Afghan businessmen wary of the future

Local businessmen struggle to keep their factories going amid violence and tax hikes.

The Tabasom Raisin Factory looks like the picture of Afghan success. It processes 50 tonnes of raisins a day. They arrive from Afghan farms, and are sorted according to size and quality.   

Large wooden crates full of them are loaded into large machines in the washing room. Here the raisins are washed twice and then make their way to the processing room where a combination of sophisticated machines and Afghan women sort them to make sure there aren’t any foreign objects – stones, dirt or sticks – in the raisins.  

The company employs 180 workers, about half of them women.

“The women are much better than men at sorting the raisins,” General Manager Asadullah Aziz says.

“At first we had shifts of men and shifts of women on the sorting line.

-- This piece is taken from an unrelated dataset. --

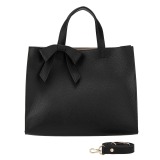 リボンがデザインのアクセントになった、かわいらしい角型バッグです。角型なので荷物をたっぷり入れることができ、整理整頓もしやすいデザインです。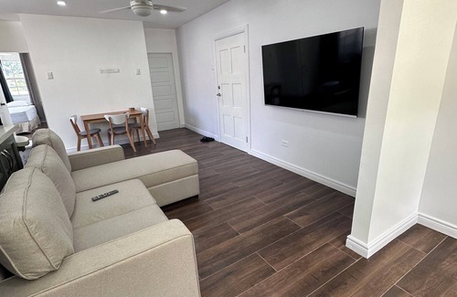 Open plan kitchen, dining and living, modern interior with all amenities for your comfort including a coffee-press, blender & toaster along with complimentary tea, coffee and water. Also available is an iron, blow dryer and washer/ dryer facilities. Apartment is sanitized between bookings

The women were better every time, so now we just use women.”

The women wear matching green uniforms. To get into the work area, everyone has to wash and sterilise their hands – the turnstile into the sorting room won’t work, until the hand cleaning gel is used.

Aziz is no stranger to the raisin business. His family has been in it for more than three decades, first in import and export, and now processing. He operates a similar factory in Iran.

The Iranian factory is more profitable he explains, because there are no taxes. In fact, he says he gets a bonus payment from the Iranian government every year – a percentage of his exports.

In comparison, he pays tax twice on his raisins in Afghanistan. Twenty percent business tax plus twenty percent on his exports.

“The Afghan government says it supports investment but not compared to neighbouring countries, in terms of export,” Aziz says.  “Export is important for the country. Our neighbouring countries support exports, our government does not support the way they do and it doesn’t support factories.”

In 2012, the company’s export costs doubled because of political tensions between Afghanistan and Pakistan.

“Problems with our transit route through Pakistan means we now have send goods through Turkey.” Aziz explains.  “It costs more. For example, through Pakistan it’s $200 a tonne, through Turkey it’s $350 to $400 a tonne.”  

Aziz says he has a factory here because he wants to support his country and its people. He has bought land so the company could double its raisin production and build a facility to make their own boxes.

But for now, expansion plans are on hold. Like many Afghans Aziz does not know what the business climate will look like here in the next few years, as international forces leave and international aid money wanes.

Promoting local companies

The Afghan government is trying to reassure Afghans there won’t be any big changes in 2014. It has launched a TV and billboard ad campaign encouraging people to buy Afghan products and President Hamid Karzai did the same at a recent trade conference.

“A lot of incentives will be provided for promoting of local companies – tax reduction, income tax reduction, access to land,” says Mohammed Ibrahim Shams, vice president for investment at the Afghan Investment Support Agency.

But businessman Mustafa Sadiq says he doesn’t feel supported at all. Until recently, his Omaid Bahar Juice factory was touted as proof Afghanistan was worthy of investment.

Then in December 2012, a truck full of explosives blew up next door. The target was a company that worked for NATO, but the blast blew away the walls of the company’s cold storage unit and  destroyed millions of dollars of fruit pulp – halting juice production.

Sadiq says he isn’t sure if he will rebuild, and he has been offered no compensation by the government.

“I am shocked to see that the government doesn’t care about its people, about its farmers,” he says.

His juice factory purchased fruit from 50,000 Afghan farmers, in many cases the farmer’s entire crop.

“We were the first to introduce contract farming,” Sadiq says. “So that the farmers knew they could make a profit with what they were growing.”

But this year they may not make anything from the Omaid Bahar factory. Sadiq has not decided whether he will rebuild.

“I may just have to leave Afghanistan,” he said as he shrugged his shoulders. “I am not sure whether I want to do business here anymore.”

He knows he will need to decide sometime early in 2013, so that the farmers will know whether his company will buy their fruit, or they will have to try to sell it elsewhere.